Over 4,500 stores in the Netherlands are committed to this market transformation, including well-known chains such as Albert Heijn, Laurus, C1000, Super Unie and Super de Boer. The MSCs Chief Executive Rupert Howes tonight highlighted the significance of their announcement: This is an incredible, ambitious and ground-breaking initiative: The entire supermarket sector of a major European nation committing to source 100 percent of its wild seafood supplies from MSC-certified fisheries. I have no doubt that this bold move will deliver real and lasting change in the marine environment and will contribute to ensuring the sustainability of seafood supplies for this and future generations. The MSC is looking forward to working closely with the Dutch Association of Food Retail and its members over the coming years to ensure this commitment becomes a reality.
The initiative was announced yesterday at a conference of the Dutch Association of Food Retail (Centraal Bureau Levensmiddelenhandel, CBL) Marc Janssen, Head of Quality and Consumer Affairs at CBL, said on the sectors decision: Fish consumption in the Netherlands is rising because Dutch consumers have come to appreciate the high nutritional value of fish. At the same time they are increasingly aware of sustainability issues and are asking how the fish they buy has been caught. In the past, the Dutch food industry has focussed on food safety when it came to quality control. With meat, vegetable and fruit we have learned that you cannot ignore sustainability issues and we want to make use of this knowledge when it comes to fish. All these aspects have led to our decision to aim for a completely sustainable fish and seafood offer.
Camiel Derichs, MSCs North European Fisheries Manager and based in The Hague, adds: From 2011, over 16 million Dutch consumers will be able to go to any supermarket in their country and choose from a broad range of sustainably caught fish. The blue MSC eco-label will make it easy for them to reward responsible fishing practices.
Kees Lankester, member of the MSC Board of Trustees, adds: The MSC is moving from niche to mainstream markets. This nationwide colossal step by the Dutch retail chains sends a strong signal to the global fisheries sector that products from recognised responsible fisheries will increasingly have preferred market access.
The association and its members will work with various organisations, including WWF and the North Sea Foundation, to achieve their aim of a fully sustainable fish and seafood offer. “We are delighted about this decision. It will hugely encourage local fisheries to go for certification as there will be a guaranteed market demand.
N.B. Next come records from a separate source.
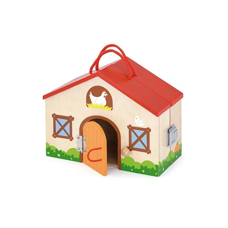 Medinė spalvota ferma išmokys vaiką žaisti su naminiais gyvūnais.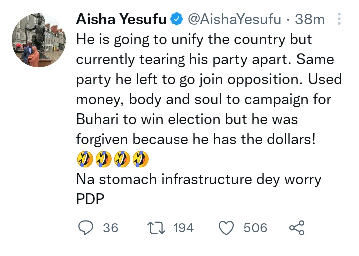 Amid the rumours of division in the camp of the Peoples Democratic Party, Aisha Yesufu, a renowned activist in a post released by her few hours ago, took a quick swipe at the presidential flagbearer of the Peoples Democratic Party for the forthcoming 2023 presidential election.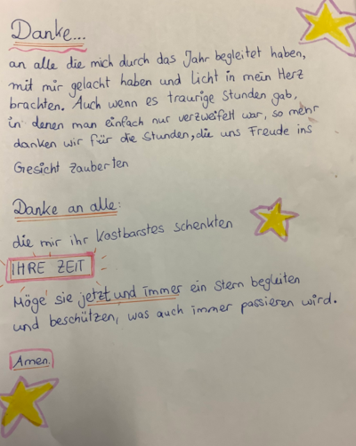 Heute schauen wir auf das Schuljahr zurück und danken dir für viele schöne Erlebnisse, für unsere Freundinnen und Freunde, für gute Noten, für Ausflüge und besondere Erlebnisse, für Bewahrung und Spaß miteinander.
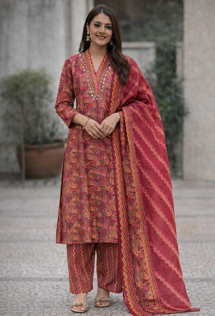 • Color : Maroon • Style : Pyjama • Fabric : Silk Blend • Length : 39 Inch Dupatta Details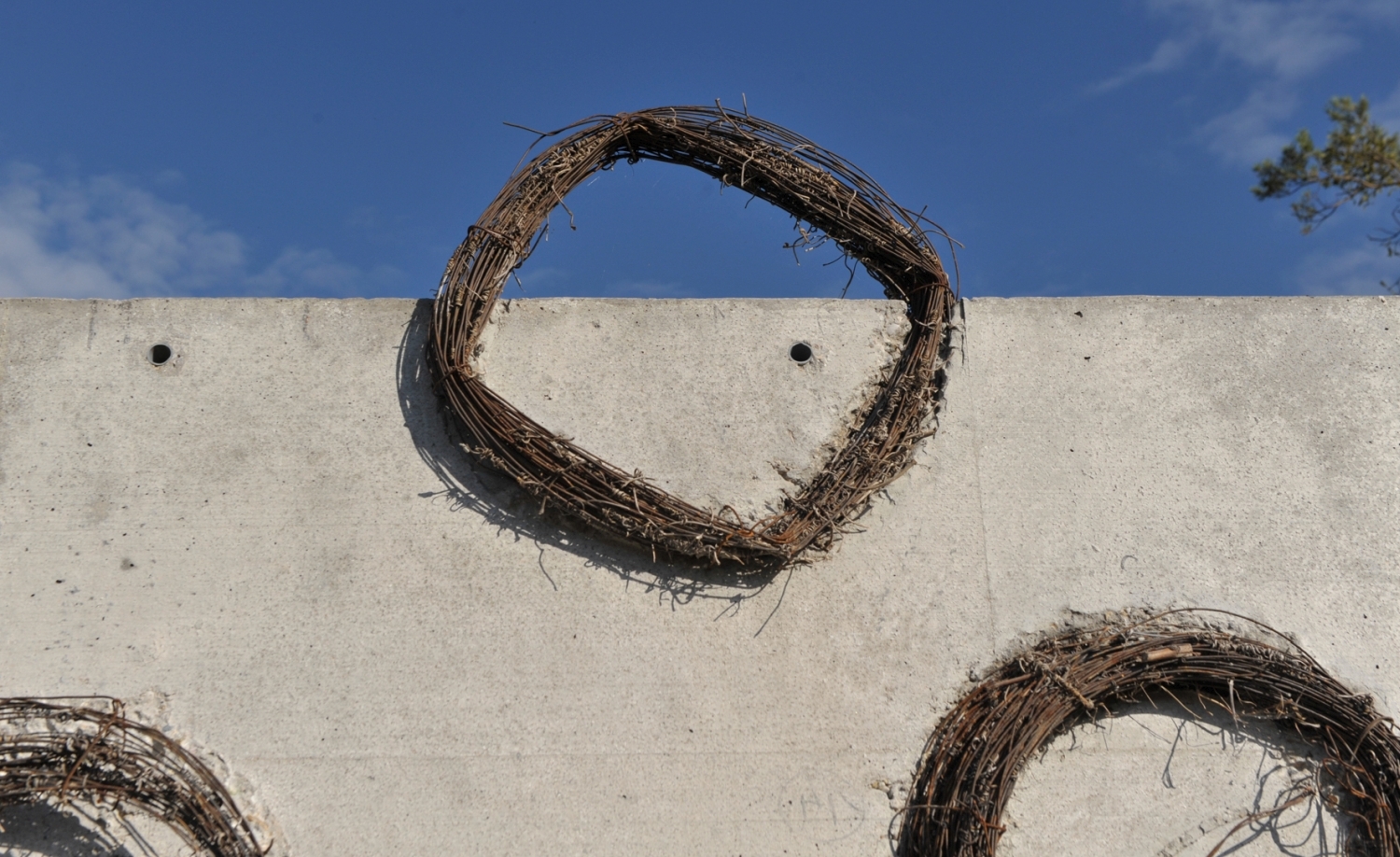 Ähnlich einem fossilen Fund bettet Wolfsberger die Drahtringe in Beton, um die Fundstücke anschaulich zu machen und das Gefühl zu vermitteln, dass so mancher Ring im Inneren verborgen ist, konserviert für die Ewigkeit. Die amorphen Drahtringe samt den organischen Stoppelzieher-artigen Weintrieben erscheinen als archäologischer Fund.
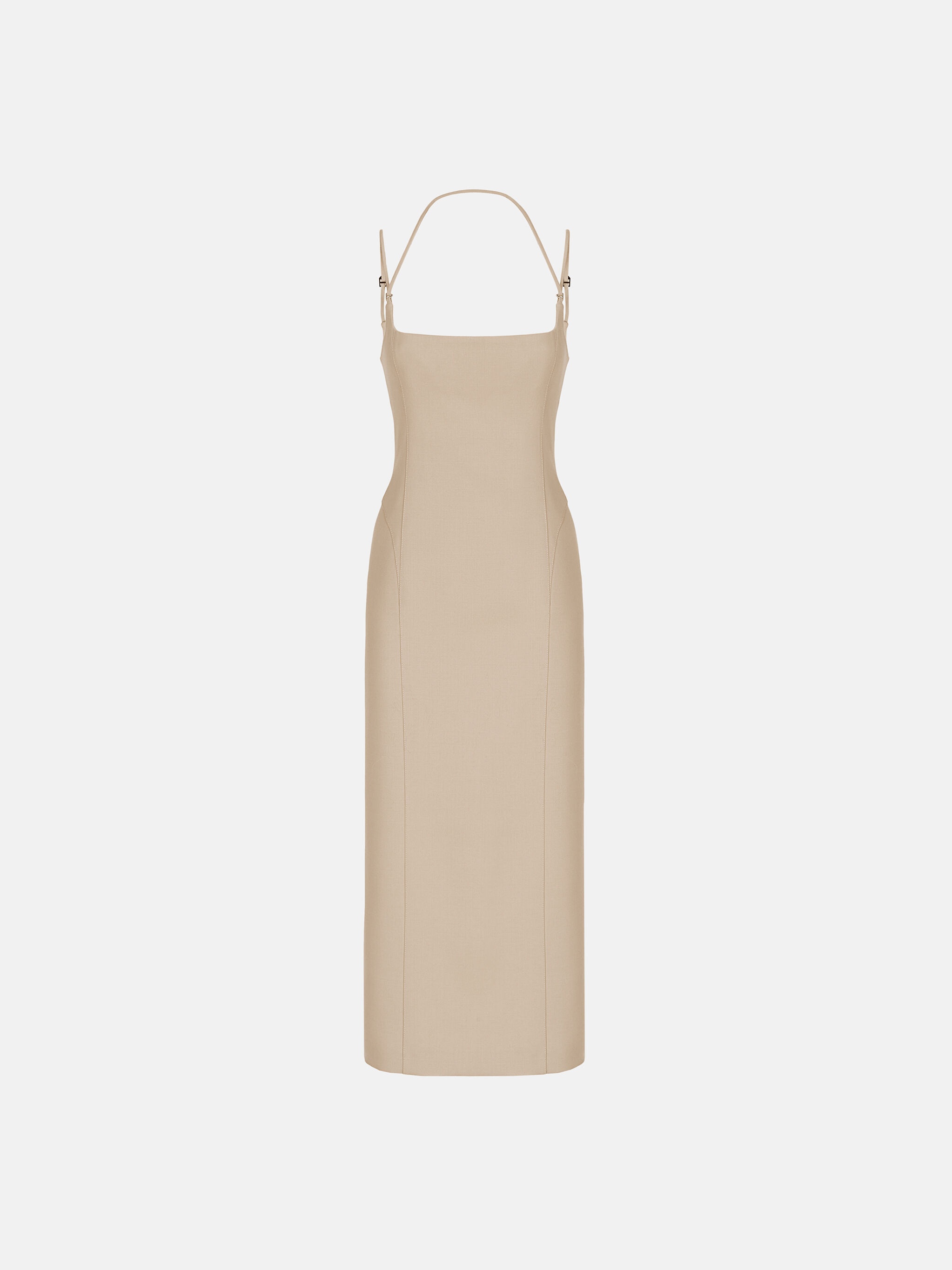 Midi dress in beige gabardine with double strap and logo metal adjusters. Made in Italy. Style 241WCM106W046198 SIZE & FIT The model is wearing a size 40 and her height is 69,6 in, bust 31,4 in, waist 23,6 cm, hips 34,6 in - height 177 cm, bust 80 cm, waist 60 cm, hips 88 cm. Regular fit. We recommend taking your true size. DETAILS Main fabric: 100% virgin wool, lining: 53% acrylic 47% viscose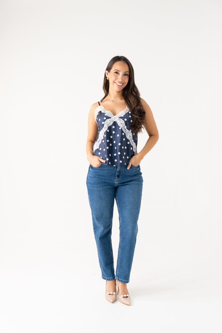 Kiera Polka Dot Cami In Navy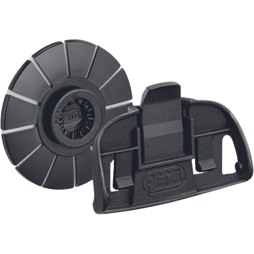 Petzl E93001 KIT ADAPT is an adapter that allows the user to use the headlamp on a helmet without a headband, while retaining the ability to tilt the headlamp body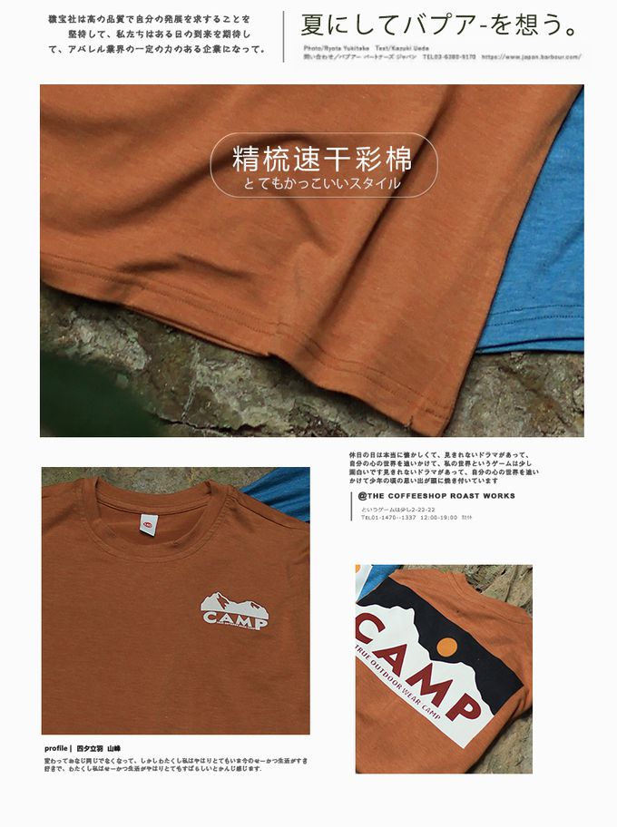 吸濕快乾圓領短袖上衣-日落雪山-焦糖棕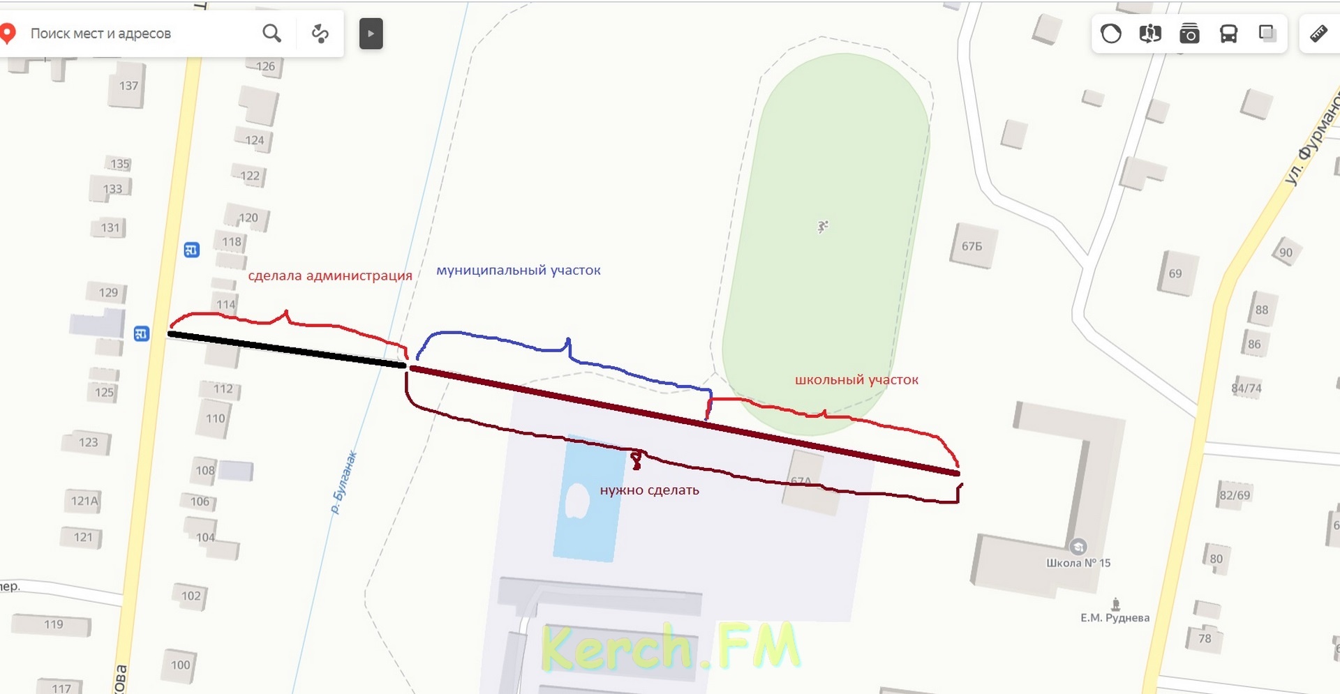 Там с дорожкой и школой вопрос одним мостиком не решится. Бывшая станция юных натуралистов предыдущим «хозяином» земли керченской была любезно поделена на делянки и «раздадена». Участок и строение одной из таких делянок выходят как раз на территорию школы, так как другого выхода у них нет. Это как сосед по дому к себе в спальню через вашу кухню ходил. Если сейчас заикнутся в 15 школе об антитерроре, как это делают по всему городу, то тогда жильцы здания 2008 года постройки окажутся за колючей проволокой. И, кстати да, они также пользуются этой дорожкой к школе.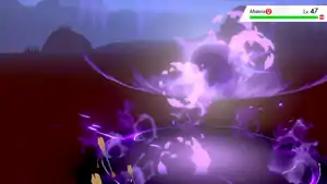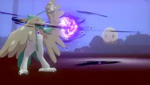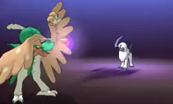 Decidueye draws an arrow quill from its wing, with a shadowy aura surrounding the tip after it's drawn, and fires it at the opponent. The arrow loops around the opponent before striking the ground in front of it, creating a burst of blue fire-like energy around the opponent or sticking the opponent's shadow in place, preventing the opponent from moving. | ||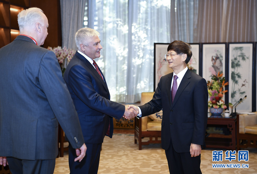 9月26日,中共中央政治局委員、中央政法委書記孟建柱在北京會見來華出席國際刑警組織第86屆全體大會的俄羅斯內務部長科洛科利采夫(左二)和俄聯邦調查委員會主席巴斯特雷金(左一)。新華社記者 張領 攝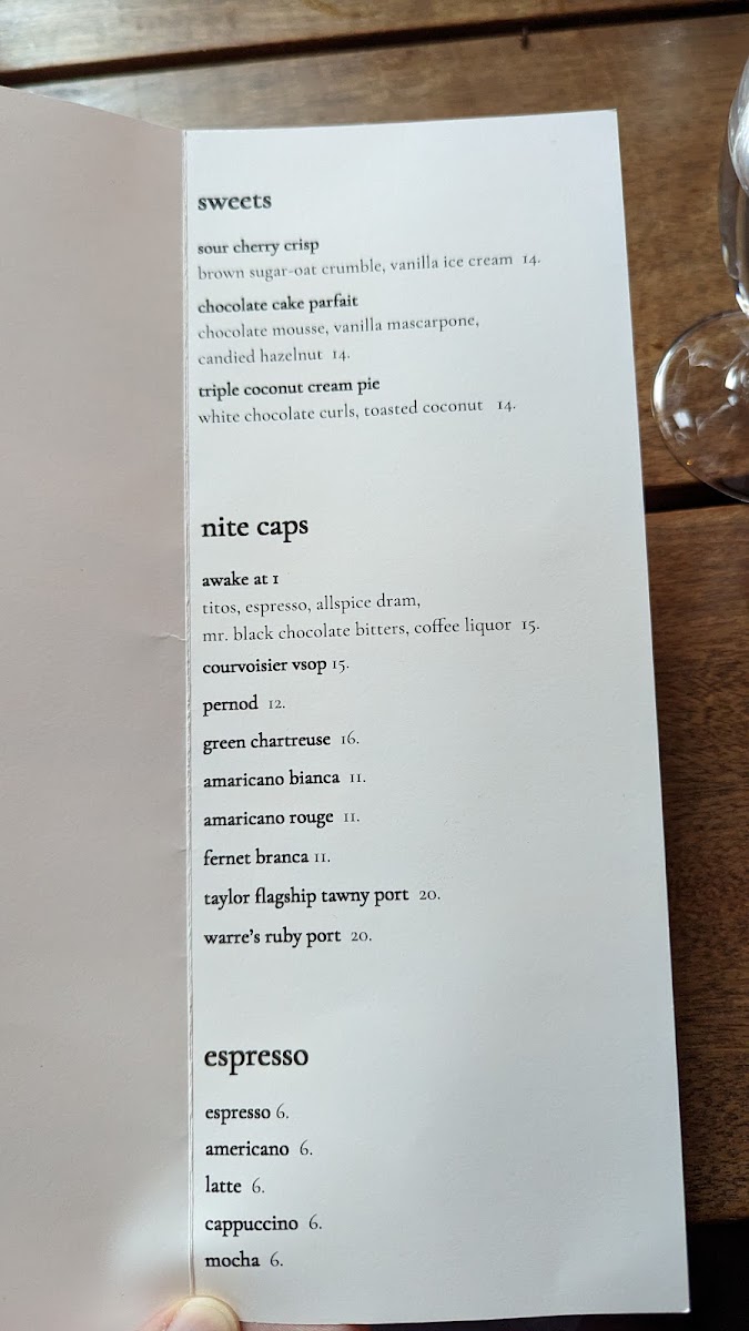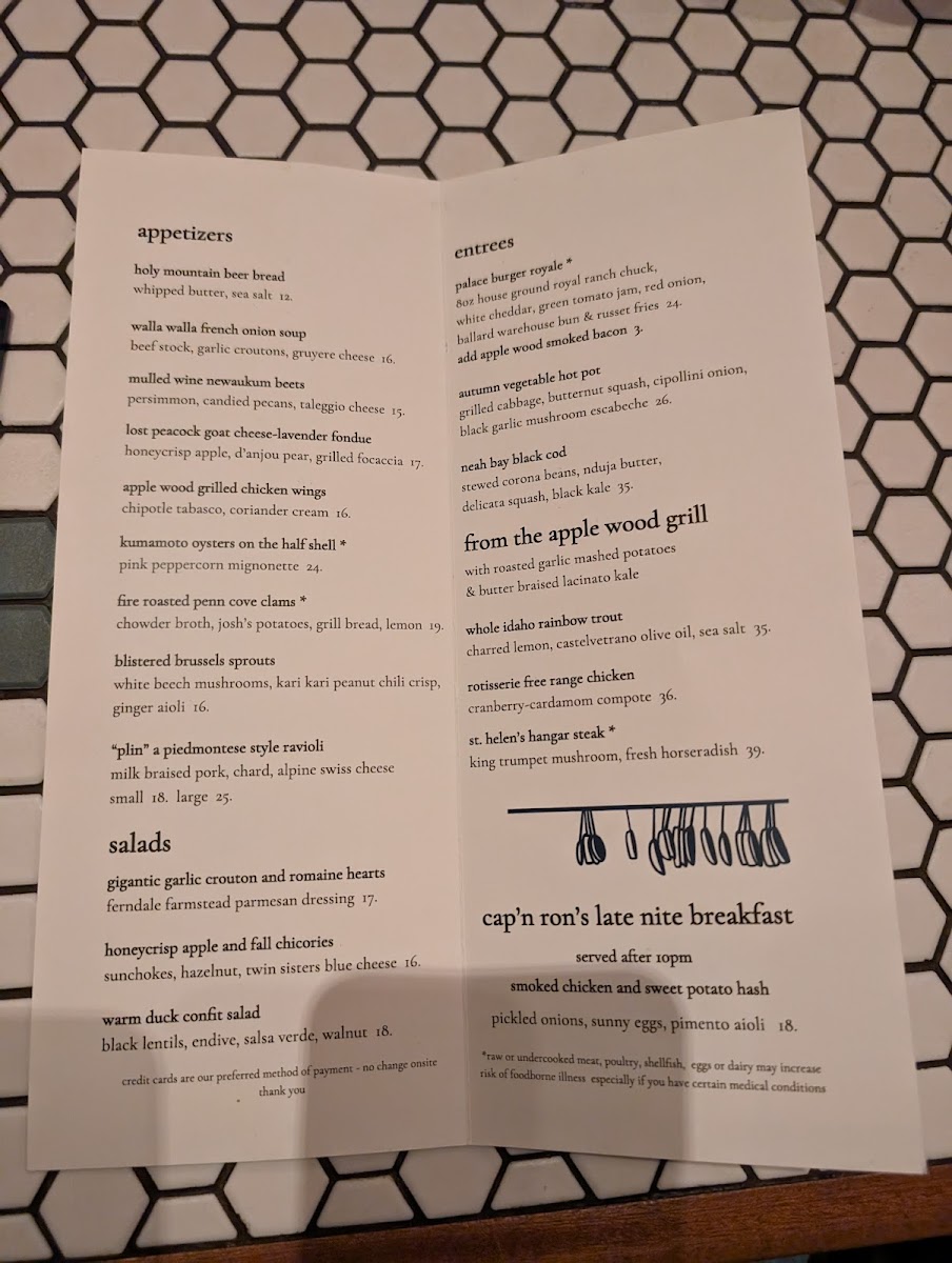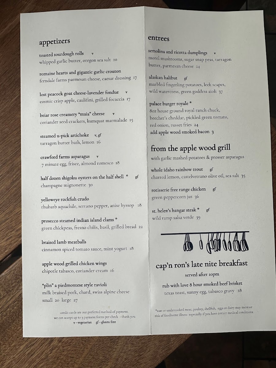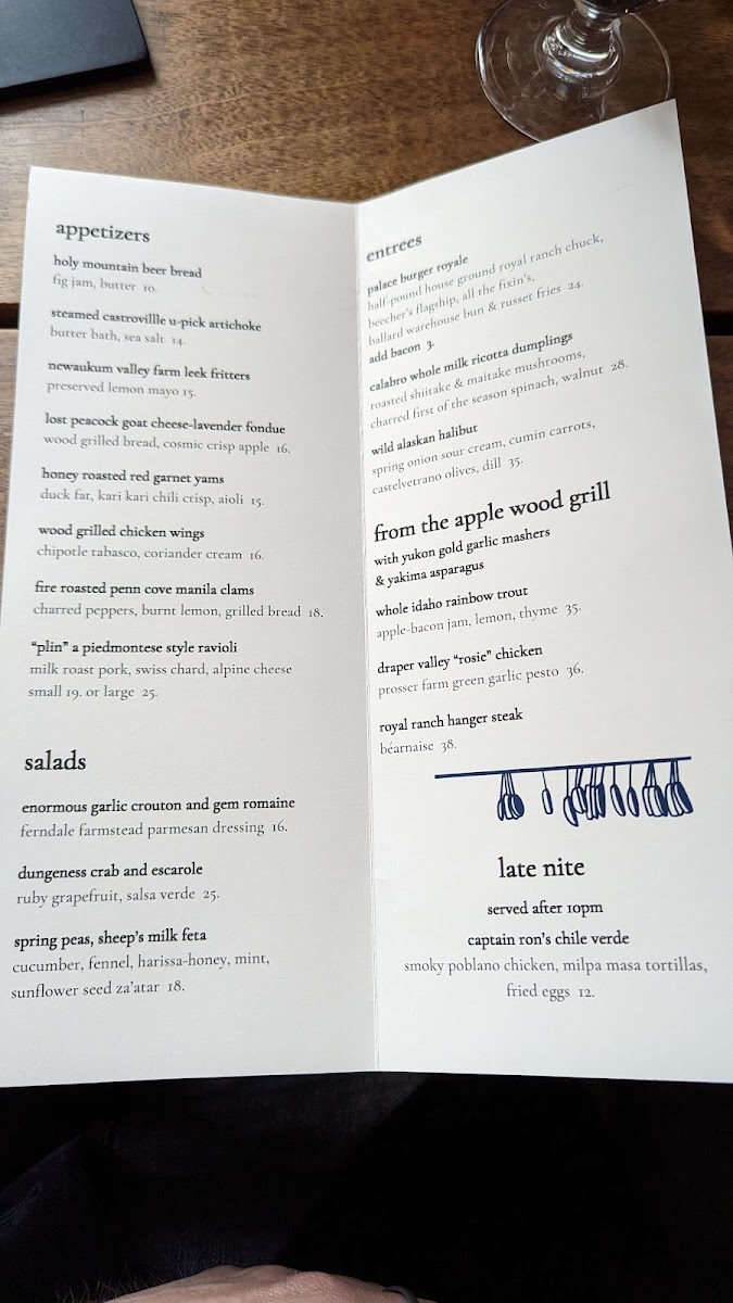 For the main event, don't miss the Large "Plin" Ravioli, stuffed with milk-braised pork and Swiss alpine cheese, or the perfectly cooked rockfish, both priced at $32 and highly praised by regulars. And if you have room for dessert—which we suspect you will—treat yourself to the Coconut Cream Pie for $16 or indulge in a scoop of their refreshing Passion Fruit Sorbet for only $10. Each dish is crafted with intention, using fresh local ingredients that pay homage to the vibrant Pacific Northwest.

The much needed transition of the Dutch catching sector will now get a giant boost, said Christine Absil, Fisheries Policy Officer with the North Sea Foundation.
Carel Drijver, Head of WWF Netherlands Oceans & Coasts Programme, agrees and adds: WWF is glad to work with the supermarkets on implementing their strategy and to collaborate with the fishers to get them to a stage where they can apply for MSC certification.